Fez-se um céu negro de repente, caiu granizo e ventou. Ficou tudo branco, gelado, frio, de arrepiar...
Dois passarinhos tinham parado de cantar na árvore da frente.
Ficaram encolhidos, um juntinho ao outro, escondiam-se do mau tempo no meio do entrelaçado dos ramos da árvore.
Fiquei a vê-los da janela enquanto o céu despejava calhaus de gelo...
Eram tão lindos os passarinhos! Seriam um casal? Que pena vê-los assim tão vulneráveis quando cantavam tão bem ainda há pouquinho!
Seria a casa deles aquela árvore? Ou só vinham passear e ali pousaram?
O granizo parou, deu lugar a bátegas de água incessantes, que faziam rios no meio das pedras de gelo.
A água do beiral parecia querer furar o chão que tinha debaixo de si.
O vento agitou a árvore já despenteada pela chuva. Deixei de ver os passarinhos, enquanto a chuva dobrava de intensidade. Estariam mais escondidos? Caídos no chão?
O canto do telefone assustou-me, entretanto. Fui atende-lo, trouxe-o para a janela e fui respondendo a um inquérito algo maçador. Costumo fazê-lo com gosto sempre imaginando que estou a ajudar quem me liga porque foi o trabalho que arranjou...

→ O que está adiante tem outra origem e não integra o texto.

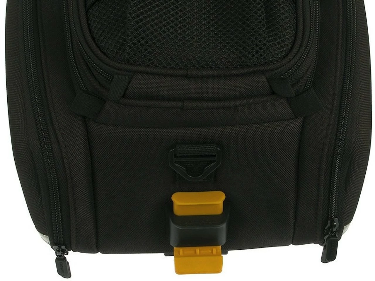 Tasche draufschieben. Klick. Und tschüss. Topeaks QuickTrack™ System macht das Anbringen von QuickTrack™ Taschen oder Körben an einem Topeak Gepäckträger unglaublich einfach. Schiebe einfach Deine Tasche auf die Schiene, bis sie einrastet. Fertig. Kein Werkzeug, keine Halteriemen, kein Ärger. Zum Abnehmen betätige einfach den gelben Sicherheitsverschluss und ziehe die Tasche von der Schiene.
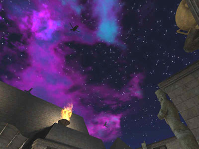 Огромное впечатление на нас произвели следующие визуальные воплощения: удивительная полупрозрачная вода; зеленоватый дым испарений, прибывающий через сантехнические решетки; энергетические блики, бегающие по инженерным строениям; яркие световые разметки труб, венами пронизывающие уровни; натуральная трава, до этого виденная мной только в тесте №4 от 3DMark2001; огромное астрономическое небо египетских карт, с созвездиями и галактическими туманностями. Перечислять можно долго, вы в этом убедитесь сами, пройдя все уровни.

Mas aquele inquérito depressa começou a incomodar a minha paciência. Fui respondendo quase à toa e contrafeita, quando me animei por avistar de novo os passarinhos. Ah, tinham-se escondido melhor! E conforme a chuva mingou e até parar foram abrindo as asas, sacudindo as penas e dando saltinhos de ramo em ramo. "Olá passarinhos!" "Ainda bem que estão aí!" "Estou feliz por estarem bem!"
Os meus pensamentos atrapalharam um pouco as respostas ao inquérito, o meu interlocutor repetiu duas vezes a mesma pergunta. Respondi que não sabia, sem querer pensar mais na resposta. Ele insistiu, não satisfeito. Então?! Eu não podia não saber?
Num esforço de concentração procurei justificar-me a mim própria. Sim, estavam a incomodar-me mas eu costumava responder a tudo, só para ser gentil, só para me sentir útil a quem só conseguira aquele tipo de trabalho! Mas o meu interlocutor falou-me de distrações, maçou-me com repetições, moeu-me a minha paciência, deixou-se de gentilezas, começou a acelerar as perguntas, privou-me do tempo de pensar nas respostas e mudou o tom de voz radiofónico para um mais expedito na vã tentativa de terminar o inquérito.
O Sol foi rompendo em entremeios de nuvens negras. Fez brilhar o chão molhado. Deu mais cor ao mundo, tingido de branco pelo granizo.
Os passarinhos voaram para onde lhes apeteceu e a voz incomodativa daquele interminável inquérito deixou de me aborrecer porque se quebrou a ligação.
Minutos volvidos torna a cantar o telefone. Hesito. Atendo... Não atendo...
Atendi. E aquela voz maçadora tem o desplante de se queixar de que eu tinha desligado!
A raiva ou fúria ou sei lá que era não me deixou falar. Emudecida, fiquei de repente contente da vida quando vi que os passarinhos voltavam para a árvore. Sorri comigo própria e desliguei o telefone.